We prove that the QET protocol’s efficiency \(\eta (\pi ,s)\) in (15) is a non-increasing function of the measurement strength \(s\) for any particle pair \(\mathcal{P}\) initially in the ground state \(\rho = |E_0\rangle \langle E_0|\) with parameters \(\pi \). The derivative of \(\eta (\pi ,s)\) in (16) is

$$\begin{aligned} \frac{\partial \eta (\pi ,s)}{\partial s} = - \frac{\tilde{s}^{\prime }}{\tilde{s}^2 P_3}\frac{L-R}{\sqrt{s^2 m^2 P_1+(P_2+\tilde{s} Q)^2}} \end{aligned}$$

(34)

where

$$\begin{aligned} L = \tilde{s} m^2 P_1+P_2(P_2 +\tilde{s} Q), \quad R = P_2\sqrt{s^2 P_1+(P_2+\tilde{s} Q)^2} \end{aligned}$$

(35)

with \(P_1,P_2,P_3\) and \(Q\) given as in (17), and \(\tilde{s}^{\prime }=s/\sqrt{1-s^2} \ge 0\).

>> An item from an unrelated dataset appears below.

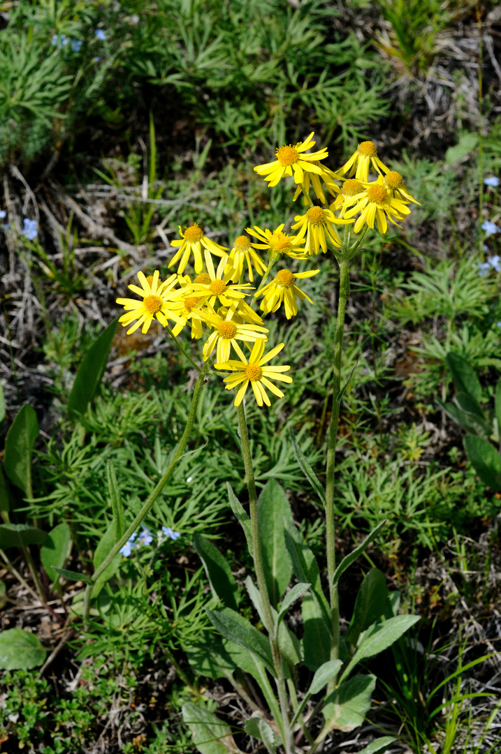 Описание. Растение высотой 20−40 см с жесткими одиночными стеблями и сероватыми шероховатыми листьями. Соцветие из 5−7 крупных корзинок, краевые цветки оранжево-желтые, цветки диска оранжевые. Пепельник цветет в середине июня, плодоносит в июле.

We have \(E_0 \le E_1 \le E_2 \le E_3\), so

$$\begin{aligned} P_2+\tilde{s} Q= & {} \left( \frac{E_{10}}{2} + \frac{E_{21}}{4}(2-\tilde{m}) \right) + \tilde{s} \frac{E_{32}-E_{10}}{4} \nonumber \\= & {} (2-\tilde{s})\frac{E_{10}}{4}+(2-\tilde{m})\frac{E_{21}}{4}+\tilde{s} \frac{E_{32}}{4} \nonumber \\\ge & {} 0. \end{aligned}$$

Therefore, \(L \ge 0\) in (35), and the derivative of \(\eta (\pi ,s)\) in (34) is non-positive if and only if \(L^2 \ge R^2\). So consider

$$\begin{aligned} L^2-R^2= & {} \left( \tilde{s} m^2 P_1+P_2^2 +\tilde{s} P_2 Q \right) ^2 - P_2^2 \left( s^2 m^2 P_1+(P_2+\tilde{s} Q)^2 \right) \nonumber \\= & {} \tilde{s}^2 m^4 P_1^2+2\tilde{s} P_1 P_2 (P_2+\tilde{s} Q) - s^2 P_1 P_2^2 \nonumber \\= & {} m^2 P_1 \left( \tilde{s}^2 m^2 P_1+(2\tilde{s} -s^2) P_2^2 + 2\tilde{s}^2 P_2 Q \right) \nonumber \\= & {} \tilde{s}^2 m^2 P_1 \left( m^2 P_1+P_2(P_2+2Q) \right) . \end{aligned}$$

(36)

In (36), we have

$$\begin{aligned} P_2+2 Q= & {} \left( \frac{E_{10}}{2} + \frac{E_{21}}{4}(2-\tilde{m}) \right) + 2 \frac{E_{32}-E_{10}}{4} \nonumber \\= & {} (2-\tilde{m})\frac{E_{21}}{4}+ 2\frac{E_{32}}{4} \nonumber \\\ge & {} 0. \end{aligned}$$

Therefore, \(L^2 - R^2 \ge 0\) in (36), so the derivative in (34) is non-positive. \(\square \)